Data integrity over power failures is one of the critical features for many Red Hat Enterprise Linux (RHEL) users, especially for mission critical data. Specifically, users have the expectation that file systems can survive a power failure without requiring a long running file system check on recovery. This article is meant to give a broad overview of what Write Barriers are in Linux and how to configure and verify them in RHEL.

Environment

Red Hat Enterprise Linux 4

Red Hat Enterprise Linux 5

Resolution

Background

Setting up and verifying data integrity can be a confusing process. Before describing the specifics of how to configure write barriers, it is useful to define some common terms and give an overview of how application data moves from the application's data buffers to persistent storage. A simplified view of the data path is that application data moves from the application data buffer into the kernel's page cache after a "write()" system call. This application data will be referred to as user data in this article. File systems maintain metadata in addition to this user data for its internal book keeping, including things like allocation maps, file names, directory entries, file system super blocks and inodes. Think of the metadata as the structure of the file system which allows the kernel to keep track of where the user data is stored.

File systems take great care to update the metadata in a safe way. Journalling file systems bundled metadata updates into transactions which are sent to persistent storage in an ordered way: first the body of the transaction is sent to the storage device and then a commit block. If the transaction and its corresponding commit block are both present after a power failure, the file system assumes that the transaction will survive any power failure.

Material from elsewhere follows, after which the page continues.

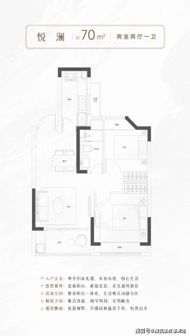 建面约70-90m²悦境高层,精工二至三房户型, 延续墅区景观规划与绿化空间,舒享同等低密环境,举目瞰景,安适悠然。

Things get complicated when storage devices add extra caches for data. For example, hardware RAID controllers often contain internal write caches which can have battery back up. Storage target devices like a local S-ATA or SAS drive also have write caches which can range  up to 32 or 64 MB in size with modern drives. High end arrays, like those from NetApp, IBM, Hitachi and EMC among others, also have large caches.

The key for file system data integrity is that the IO sent for any given transaction and its commit block must not be reordered or lost on power failure by any of these potential caches.

What are Write Barriers?

Write barriers are a 2.6 kernel mechanism that issue cache flush commands before and after the commit block used by journalling file systems. This is a brute force way to insure that the metadata is correctly ordered on persistent storage and can have a substantial performance impact for some applications when enabled. Specifically, applications which create and delete lots of small files and applications that are heavy "fsync()" users will often go much slower.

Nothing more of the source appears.